Task details – A word-for-word copy of the records below is needed, without the images.

[Data records]
--- --- ---

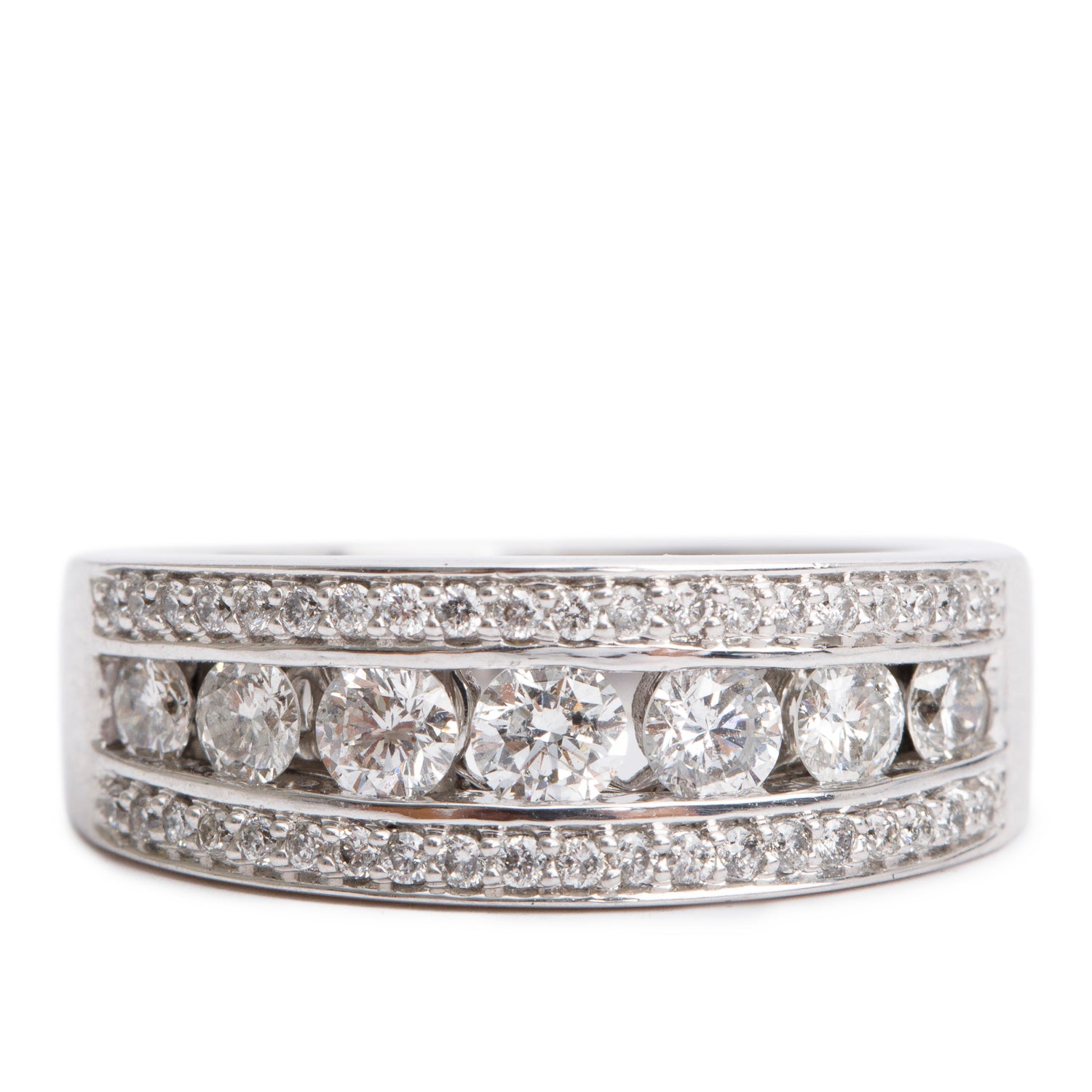 14k White Gold Three-Row Diamond Band Ring, Size 7
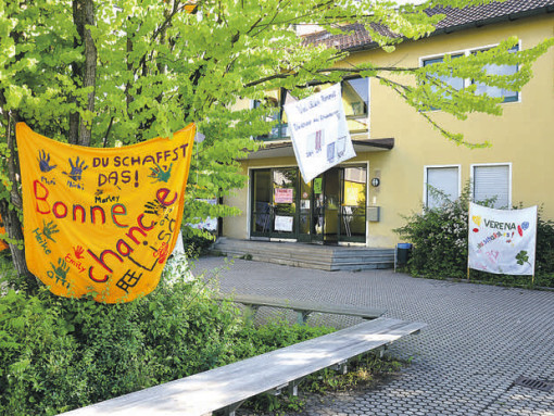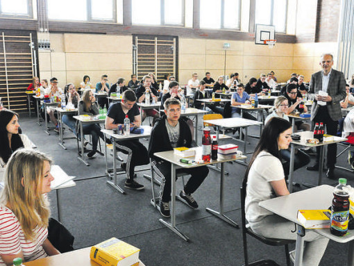 LAUF/RÖTHENBACH — Für alle Realschüler hat gestern der Endspurt zur mittleren Reife begonnen. Nach dem Auftakt im Wahlpflichtfach Französisch am Mittwoch mussten sich gestern dann erstmals zugleich alle 218 Prüflinge in Lauf und Röthenbach im ersten Pflichtfach beweisen. In Deutsch mussten sie entweder eine Erörterung oder einen textgebundenen Aufsatz schreiben – die 118 Oskar-Sembach-Realschüler in der neuen Turnhalle (Bild rechts) am Nordring, die 100 Röthenbacher von der „Realschule am Fränkischen Dünenweg“ in der Karl-Diehl-Halle. Sie alle hatten maximal vier Stunden Zeit. Neben Deutsch sind Englisch und Mathematik die weiteren Pflichtfächer. Außer der zweiten Fremdsprache Französisch hatten die Abschlussschüler – je nach Zweig – unter anderem noch die Wahl zwischen Sozialwesen, Physik oder BWR (Betriebswirtschaft und Rechnungswesen). Eine Besonderheit in diesem Jahr ist die Unterbrechung der Prüfungszeit durch die Pfingstferien, so ist der Marathon für die Schüler erst nach drei Wochen beendet. Natürlich fiebern auch die Eltern und Geschwister mit. In Lauf ist das nicht zu übersehen: Wie es bereits seit einigen Jahren zur Abitur-Zeit am CJT-Gymnasium der Brauch ist, ist jetzt auch der Pausenhof und Eingangsbereich der Realschule mit motivierenden Plakaten geschmückt (links). Fotos: Scholz
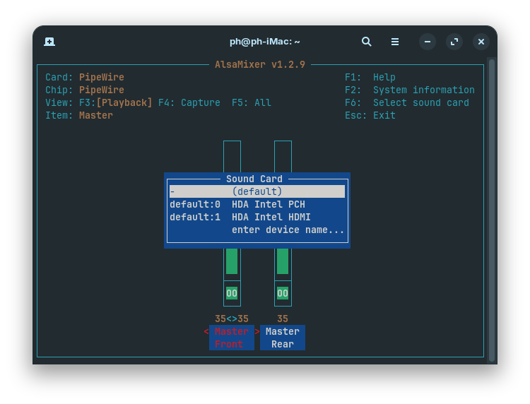 I am puzzled why alsamixer is showing "PipeWire" for both sound "Card" and "Chip", instead of the actual hardware from your first screenshot.
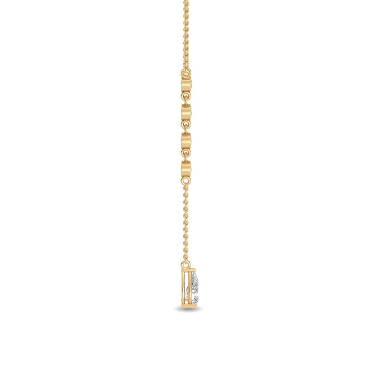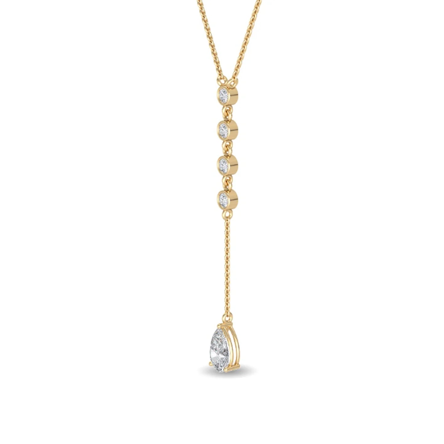 This refined lariat silhouette features a graceful cascade of pear and round lab-grown diamonds totaling 0.75ct, each stone thoughtfully placed to create soft movement and light-catching brilliance with every step.
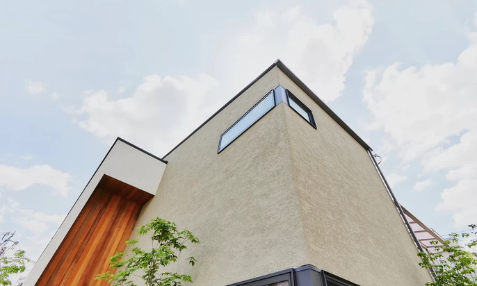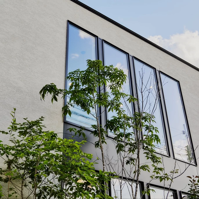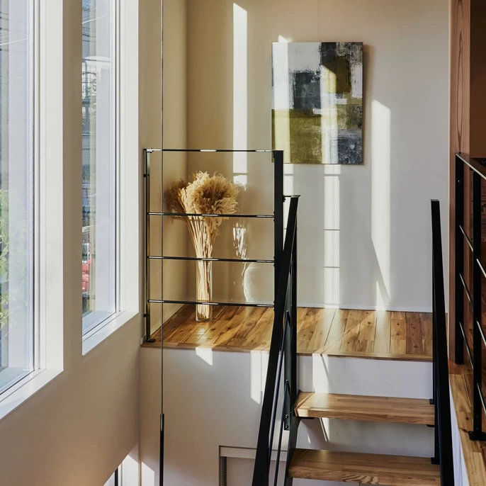 太陽の光が取り込みづらい北側道路に面しつつも、建築家による工夫設計で問題解決。大きな窓と吹き抜けが、空からの光をLDKの隅々まで運びます。建築地の課題を読み解く設計力で、光に満ちた解放感ある暮らしをお届けします。
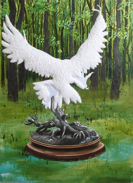 218 x 157 cm, 2008. Oil paint, acrylic and embroidery on canvas.

--- --- ---

Answer for this exercise –
 14k White Gold Three-Row Diamond Band Ring, Size 7
 LAUF/RÖTHENBACH — Für alle Realschüler hat gestern der Endspurt zur mittleren Reife begonnen. Nach dem Auftakt im Wahlpflichtfach Französisch am Mittwoch mussten sich gestern dann erstmals zugleich alle 218 Prüflinge in Lauf und Röthenbach im ersten Pflichtfach beweisen. In Deutsch mussten sie entweder eine Erörterung oder einen textgebundenen Aufsatz schreiben – die 118 Oskar-Sembach-Realschüler in der neuen Turnhalle (Bild rechts) am Nordring, die 100 Röthenbacher von der „Realschule am Fränkischen Dünenweg“ in der Karl-Diehl-Halle. Sie alle hatten maximal vier Stunden Zeit. Neben Deutsch sind Englisch und Mathematik die weiteren Pflichtfächer. Außer der zweiten Fremdsprache Französisch hatten die Abschlussschüler – je nach Zweig – unter anderem noch die Wahl zwischen Sozialwesen, Physik oder BWR (Betriebswirtschaft und Rechnungswesen). Eine Besonderheit in diesem Jahr ist die Unterbrechung der Prüfungszeit durch die Pfingstferien, so ist der Marathon für die Schüler erst nach drei Wochen beendet. Natürlich fiebern auch die Eltern und Geschwister mit. In Lauf ist das nicht zu übersehen: Wie es bereits seit einigen Jahren zur Abitur-Zeit am CJT-Gymnasium der Brauch ist, ist jetzt auch der Pausenhof und Eingangsbereich der Realschule mit motivierenden Plakaten geschmückt (links). Fotos: Scholz
 I am puzzled why alsamixer is showing "PipeWire" for both sound "Card" and "Chip", instead of the actual hardware from your first screenshot.
 This refined lariat silhouette features a graceful cascade of pear and round lab-grown diamonds totaling 0.75ct, each stone thoughtfully placed to create soft movement and light-catching brilliance with every step.
 太陽の光が取り込みづらい北側道路に面しつつも、建築家による工夫設計で問題解決。大きな窓と吹き抜けが、空からの光をLDKの隅々まで運びます。建築地の課題を読み解く設計力で、光に満ちた解放感ある暮らしをお届けします。
 218 x 157 cm, 2008. Oil paint, acrylic and embroidery on canvas.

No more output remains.